No, I'm not talking about the fiercely competitive midterm elections in America which are coming up in just a few short weeks, I am talking about the humdrum local government elections which are happening in Greece over the weekend.
I am actually glad the elections are almost here, because after it is over, the cities can go back to their normal, less than efficient operations. Things change in Greek municipalities right before election time - projects get started, beautification occurs, everything is coming up roses. Too bad it is all a facade - and Greeks know better.

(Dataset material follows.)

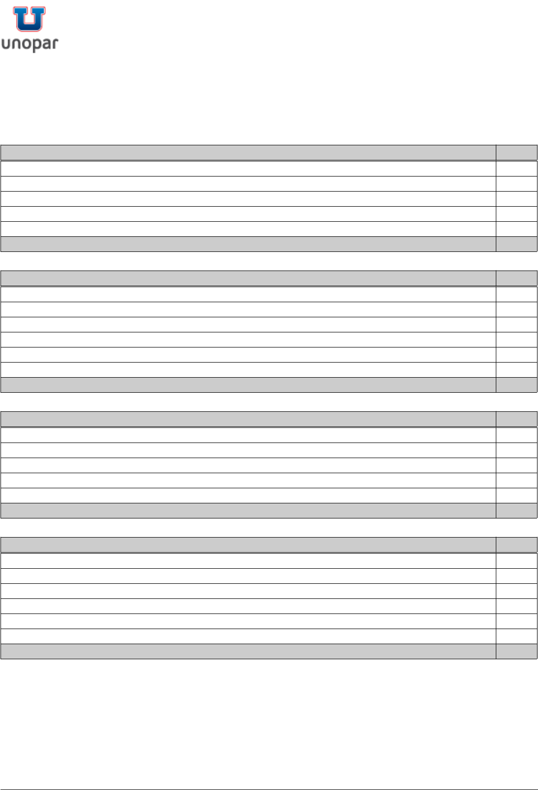 Pró-Reitoria Acadêmica - Secretaria Acadêmica Setorial EaD. NUTRIÇÃO Universidade Pitágoras Unopar Anhanguera Disciplina CH 1º SEMESTRE GESTÃO, QUALIDADE E SEGURANÇA DO PACIENTE 60 PENSAMENTO CIENTÍFICO 60 PSICOLOGIA APLICADA À SAÚDE 60 RESPONSABILIDADE SOCIAL E AMBIENTAL 60 SOCIEDADE BRASILEIRA E CIDADANIA 60 Total CH: 300 Disciplina CH 2º SEMESTRE CIÊNCIAS MORFOFUNCIONAIS DOS SISTEMAS DIGESTÓRIO, ENDÓCRINO E RENAL 60 CIÊNCIAS MORFOFUNCIONAIS DOS SISTEMAS NERVOSO E CARDIORRESPIRATÓRIO 60 CIÊNCIAS MORFOFUNCIONAIS DOS SISTEMAS TEGUMENTAR, LOCOMOTOR E REPRODUTOR 60 INTRODUÇÃO À BIOLOGIA CELULAR E DO DESENVOLVIMENTO 60 PROJETO DE EXTENSÃO I - NUTRIÇÃO 110 SAÚDE PÚBLICA 60 Total CH: 410 Disciplina CH 3º SEMESTRE BIOQUÍMICA APLICADA À SAÚDE 60 BROMATOLOGIA 60 CIÊNCIAS MORFOFUNCIONAIS DOS SISTEMAS IMUNE E HEMATOLÓGICO 60 NUTRIÇÃO, CIÊNCIA E PROFISSÃO 60 SEGURANÇA ALIMENTAR E NUTRICIONAL 60 Total CH: 300 Disciplina CH 4º SEMESTRE COMPOSIÇÃO DOS ALIMENTOS 60 HIGIENE E MICROBIOLOGIA DOS ALIMENTOS 60 PLANEJAMENTO E ORGANIZAÇÃO DE UNIDADE DE ALIMENTAÇÃO E NUTRIÇÃO 60 PROJETO DE EXTENSÃO II - NUTRIÇÃO 110 TECNOLOGIA DE ALIMENTOS 60 TÉCNICA DIETÉTICA 60 Total CH: 410 13/03/2025 20:49:01 Diretoria de Informática Página 1 Pró-Reitoria Acadêmica - Secretaria Acadêmica Setorial EaD. NUTRIÇÃO Universidade Pitágoras Unopar Anhanguera Disciplina CH 5º SEMESTRE AVALIAÇÃO NUTRICIONAL 60 AVALIAÇÃO NUTRICIONAL APLICADA 60 EDUCAÇÃO ALIMENTAR E NUTRICIONAL 60 EPIDEMIOLOGIA, POLÍTICAS E PROGRAMAS APLICADOS A SAÚDE E NUTRIÇÃO 60 FISIOPATOLOGIA E FARMACOLOGIA APLICADA À NUTRIÇÃO 60 GASTRONOMIA APLICADA A NUTRIÇÃO 60 Total CH: 360 Disciplina CH 6º SEMESTRE AVALIAÇÃO, CONTROLE E REGULAÇÃO NO SUS 60 GESTÃO DE UNIDADES DE ALIMENTAÇÃO E NUTRIÇÃO 60 NUTRIÇÃO E DIETOTERAPIA DO ADULTO E DO IDOSO 60 NUTRIÇÃO E DIETOTERAPIA OBSTÉTRICA E PEDIÁTRICA 60 PROJETO DE EXTENSÃO III - NUTRIÇÃO 100 TERAPIA NUTRICIONAL ENTERAL E PARENTERAL 60 Total CH: 400 Disciplina CH 7º SEMESTRE ASSISTÊNCIA NUTRICIONAL NA OBESIDADE, DOENÇAS CARDIOVASCULARES E ENDÓCRINAS 60 ASSISTÊNCIA NUTRICIONAL NAS DOENÇAS NEUROLÓGICAS E IMUNES 60 ASSISTÊNCIA NUTRICIONAL NAS PATOLOGIAS DO SISTEMA DIGESTÓRIO E ÓRGÃOS ANEXOS 60 ASSISTÊNCIA NUTRICIONAL PARA GRAVEMENTE ENFERMOS 60 ESTÁGIO SUPERVISIONADO EM ALIMENTAÇÃO COLETIVA 215 Total CH: 455 Disciplina CH 8º SEMESTRE ESTÁGIO SUPERVISIONADO EM NUTRIÇÃO CLÍNICA 215 ESTÁGIO SUPERVISIONADO EM NUTRIÇÃO E SAÚDE COLETIVA 215 NUTRIÇÃO EM ATIVIDADE FÍSICA 60 TRABALHO DE CONCLUSÃO DE CURSO - NUTRIÇÃO 40 Total CH: 530 13/03/2025 20:49:01 Diretoria de Informática Página 2

I'll also be glad to be rid of all the creepy candidate signs all over the place, smug, smiling, benevolent politicians staring back at me on every street corner. The current Thessaloniki mayor is running for re-election and I find his signs particularly troubling. He looks kinda like Lenny Briscoe (Jerry Orbach) from Law and Order (may he rest in peace). I have the same problems with picture posters from U.S. elections - that fake, supercilious smile isn't what is going to get me to vote for you, so please, spare us.
There are a few differences in the way campaigns are run here than in the U.S. For one thing, voting is compulsory. Can you imagine if that were the case in the U.S.? I can hear the wingnuts bitching already. Campaign commercials are also not candidate-centric, they are party centric, and while they may lash out at the mistakes the opposition has made, they aren't nearly as harsh as campaign commercials can get in the U.S. Greeks have yet to learn the value of real snark.
Another difference is the plethora of political parties with candidates in the pool. You have your conservative party, your leftist party, your socialist party, your communist party, and a host of others. Sure, the balance of power seems to shift between the conservative and leftist parties, but other parties get elected into parliament, and have at least some voice, even if it is a squeak.
All in all, I'm glad I'm not yet responsible for voting here. Greek politics contain myriad problems, quagmires, and no one actually seems to know how to run a government. All this and voting is compulsory. Yeowch.
I'm not here just to rag on the Greek government. I think things are holding out ok considering it was a mere 30 years ago that there was a coup here. I have hope that things will get better, although holding on to that hope is difficult. But the people of Greece deserve a strong, functioning, healthy country. The politicians should work harder to make sure that happens. Creepy smiles and public works just aren't going to cut it.